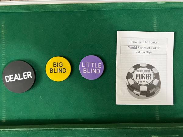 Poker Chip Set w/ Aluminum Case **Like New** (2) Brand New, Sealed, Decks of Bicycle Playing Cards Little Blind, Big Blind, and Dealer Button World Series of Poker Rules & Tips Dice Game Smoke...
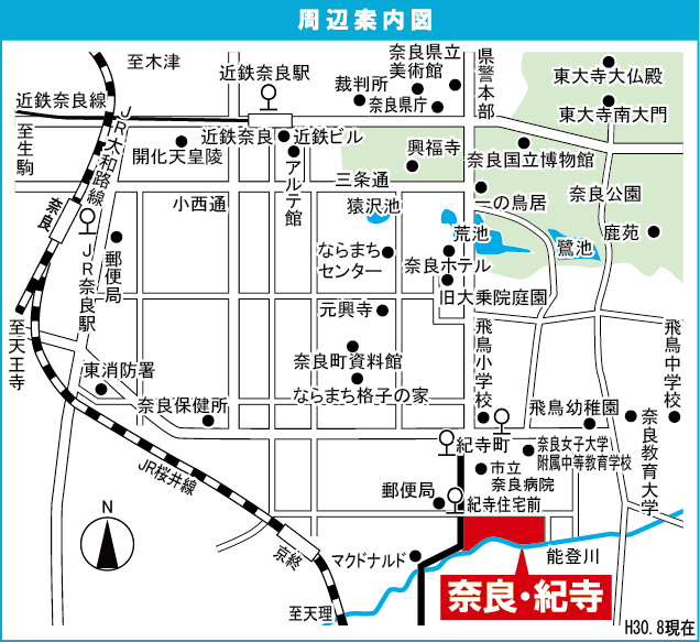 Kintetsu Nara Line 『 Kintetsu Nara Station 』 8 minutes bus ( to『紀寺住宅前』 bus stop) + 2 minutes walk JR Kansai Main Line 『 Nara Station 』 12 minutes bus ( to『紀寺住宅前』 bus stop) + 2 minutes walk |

---

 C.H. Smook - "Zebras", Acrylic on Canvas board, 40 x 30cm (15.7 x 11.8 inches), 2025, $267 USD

EXERCISE AIM: Give back exactly the lines of the listing above from the one that contains "Poker Chip Set" up to and including the one that contains "Kintetsu Nara Line", but not the pictures, and no other lines.

WORKED SOLUTION:
 Poker Chip Set w/ Aluminum Case **Like New** (2) Brand New, Sealed, Decks of Bicycle Playing Cards Little Blind, Big Blind, and Dealer Button World Series of Poker Rules & Tips Dice Game Smoke...
 Kintetsu Nara Line 『 Kintetsu Nara Station 』 8 minutes bus ( to『紀寺住宅前』 bus stop) + 2 minutes walk JR Kansai Main Line 『 Nara Station 』 12 minutes bus ( to『紀寺住宅前』 bus stop) + 2 minutes walk |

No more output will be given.